The California Court of Appeals, Third Appellate District, recently held that a borrowers' allegations of fraudulent concealment in connection with the origination of their home loan were, if proven, sufficient to toll the applicable statute of limitations period, reversing the lower court's ruling dismissing the borrowers' claims.
A copy of the opinion is available at http://www.courts.ca.gov/opinions/documents/C070452.PDF.
Two borrowers sued their mortgage broker ("broker"), loan originator ("originator") and the originator's successor in interest ("owner"), alleging misrepresentation and fraudulent concealment in connection with the origination of the borrowers' home loan. The broker and originator each separately demurred. The lower court issued an order sustaining the broker's demurrer without leave to amend, and dismissing the originator. Subsequently, the broker was also dismissed. The borrowers appealed.
The borrowers alleged that the broker and originator hired an appraiser who supposedly "significantly inflated" the value of the property; that the broker supposedly indicated to the borrowers that they did not qualify for any loan with more favorable terms than the loan offered by the broker - even though this allegedly was not true; and that the broker supposedly did not explain the terms of the loan to the borrowers.
The loan closed in 2006. In 2009, the borrowers had difficult making payments, and contacted the originator to inquire into whether they might modify their loan. The borrowers alleged that it was supposedly only during this conversation that they learned the true terms of the loan. Borrowers then retained counsel, at which time they allegedly learned of the inflated appraisal.
The statute of limitations periods for the borrowers' various causes of action were between 2 and 4 years. All would be untimely using the date of the loan closing; none would be untimely using the date where the borrowers purportedly became aware of the facts underlying this matter.
As you may recall, California law provides that if a party has notice of facts which would put a reasonable person on inquiry notice, or if a party has a reasonable opportunity to obtain information from sources open to investigation, the limitations period begins to run. See Community Cause v. Boatwright, 124 Cal.App.3d 888, 902 (1981). Where a pleading is untimely on its face, it is the plaintiff's burden to demonstrate an exception to the limitations period. The doctrine of fraudulent concealment tolls the statute of limitations, where a defendant's deceptive conduct "has caused a claim to go stale." Aryeh v. Canon Business Solutions, Inc., 55 Cal.4th 1185, 1192 (2013).
With that standard in place, the Court determined that the borrowers' allegations, if proven at trial, would establish that the limitations period began to run in 2009 - thus making the lower court's dismissal of the originator and broker improper.
The originator and mortgage broker argued that because the borrowers asked questions at closing, and because they received a copy of the appraisal at issue, they were on notice of the terms of the loan at the time of the closing.
The Court disagreed, finding that the borrowers' purported lack of knowledge concerning their mortgage loan was due to the alleged "failure" of the mortgage broker to explain the terms of the loan to the borrowers, in derogation of the broker's fiduciary duty to the borrowers.

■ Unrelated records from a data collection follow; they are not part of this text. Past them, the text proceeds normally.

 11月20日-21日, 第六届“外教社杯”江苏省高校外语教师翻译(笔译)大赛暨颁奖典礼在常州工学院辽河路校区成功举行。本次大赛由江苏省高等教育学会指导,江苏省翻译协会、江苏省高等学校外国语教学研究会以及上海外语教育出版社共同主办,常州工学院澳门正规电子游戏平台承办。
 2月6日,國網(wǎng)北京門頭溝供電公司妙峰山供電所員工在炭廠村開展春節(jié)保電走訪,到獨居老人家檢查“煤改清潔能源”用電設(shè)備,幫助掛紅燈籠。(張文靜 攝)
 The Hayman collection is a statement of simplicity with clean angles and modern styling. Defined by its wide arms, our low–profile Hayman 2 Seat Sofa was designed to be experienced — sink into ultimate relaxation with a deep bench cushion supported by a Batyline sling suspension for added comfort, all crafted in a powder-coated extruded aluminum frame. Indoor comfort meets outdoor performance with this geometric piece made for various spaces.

The Court also held that the fact that the borrowers received a copy of the appraisal "does not of itself provide any notice to first-time buyers that the appraisal's bases were improper..."
For those reasons, the Court determined that "nothing in the circumstances surrounding the closing of the loan makes [borrowers'] unawareness of the true circumstances unreasonable."

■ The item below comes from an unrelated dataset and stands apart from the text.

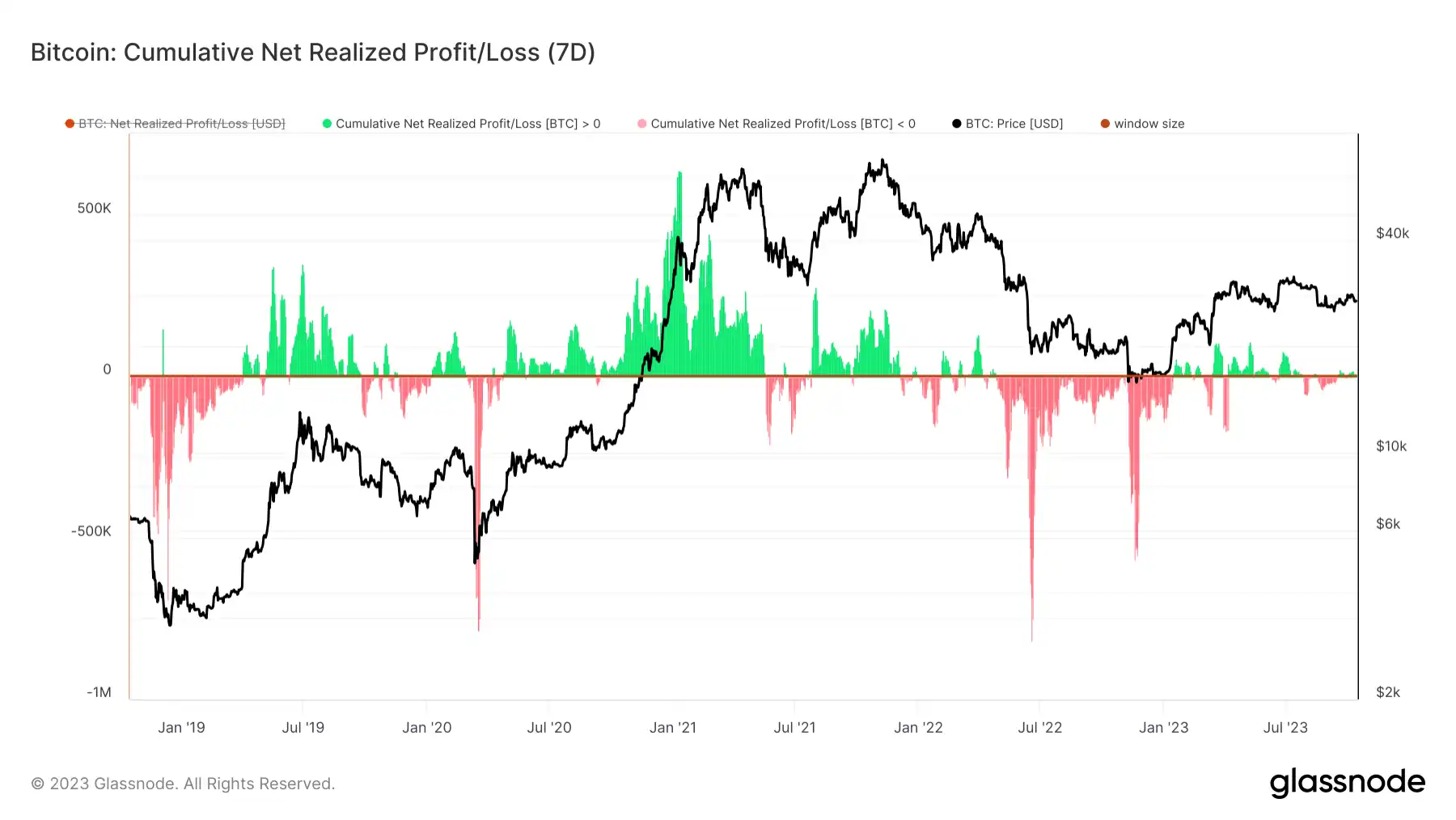 (下图 已实现盈利亏损抛售⽐例积累量)

The Court concluded by noting that "evidentiary facts" developed at trial could well demonstrate that the borrowers' lawsuit was untimely. However, the Court held that "the allegations establish with adequate specificity nondisclosures and misrepresentations" sufficient for it to determine that the demurrer should not have been sustained.
Accordingly, the Court reversed the lower court's judgments of dismissal, and directed the lower court to overrule the demurrers of the originator and broker.